Track rollouts and failed deployments:

kubectl rollout status deployment/my-app
kubectl get events --sort-by=.metadata.creationTimestamp

Step-by-Step Resolution Guide

1. Fix Pending Pods

Check if nodes have sufficient resources and no taints prevent scheduling:

kubectl describe pod pod-name
kubectl get nodes -o wide

Add tolerations or adjust resource requests as needed.

2. Resolve CrashLoopBackOff Errors

Inspect container logs and check startup commands. Confirm environment variables and secret volumes are mounted:

kubectl logs pod-name -c container-name
kubectl describe pod pod-name

3. Bind PVCs Correctly

Ensure StorageClass exists and supports the requested access mode:

kubectl get sc
kubectl describe pv pv-name

Adjust PVC or create a matching PV manually if needed.

4. Repair Ingress and Service Issues

Check Ingress controller is installed and running. Validate annotations and paths:

kubectl get ingress
kubectl describe ingress ingress-name

Verify that backend service and endpoints match selectors.

5. Restore DNS Resolution

Check CoreDNS logs and ConfigMap:

kubectl logs -n kube-system -l k8s-app=kube-dns
kubectl edit configmap coredns -n kube-system

Ensure pods can access 10.96.0.10 or the cluster DNS IP.

Best Practices for Kubernetes Operations

  • Use readiness and liveness probes to improve availability and observability.
  • Use kubectl diff and kubectl apply --server-side to manage declarative resources safely.
  • Label resources consistently to improve targeting and maintenance.
  • Use resource limits and requests to control scheduling and prevent noisy neighbor issues.
  • Monitor with Prometheus, Grafana, and alert on common symptoms like pod restarts or high CPU usage.

Conclusion

Kubernetes enables powerful orchestration at scale but demands disciplined operations and in-depth understanding of its primitives.

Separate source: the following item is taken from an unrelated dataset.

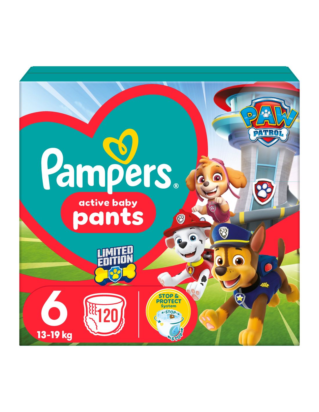 Avasta eritoode Pampers Pants Paw Patrol Püksmähkmed! Pampers Pants Paw Patrol disainiga püksmähkmetel on uuenduslik STOP & PROTECT POCKET kaitsetasku, mis kombineerituna mähkmete 360° mugava sobivusega tagab kuni 12-tunnise lekkekaitse.

Most production issues stem from misconfigured workloads, misaligned resources, or overlooked environment-specific constraints. With effective use of kubectl, logging, and resource validation, DevOps teams can resolve common pitfalls and ensure resilient Kubernetes clusters.

FAQs

1. Why is my pod stuck in Pending state?

Check for insufficient resources or node taints. Use kubectl describe pod to identify scheduling constraints.

2. What causes CrashLoopBackOff in Kubernetes?

Usually an application failure on startup, invalid commands, or missing dependencies. Review logs and init containers.

3. Why isn't my PVC binding to a PV?

The PVC may request an unsupported access mode or nonexistent StorageClass. Ensure compatibility between PVC and PV.

4. My Ingress is not routing traffic—why?

Ingress controller may not be deployed, or rules/annotations are misconfigured. Also verify DNS and service endpoints.

5. How do I fix DNS resolution issues in pods?

Inspect CoreDNS logs, verify pod resolv.conf contents, and ensure network policies or iptables rules aren't blocking DNS access.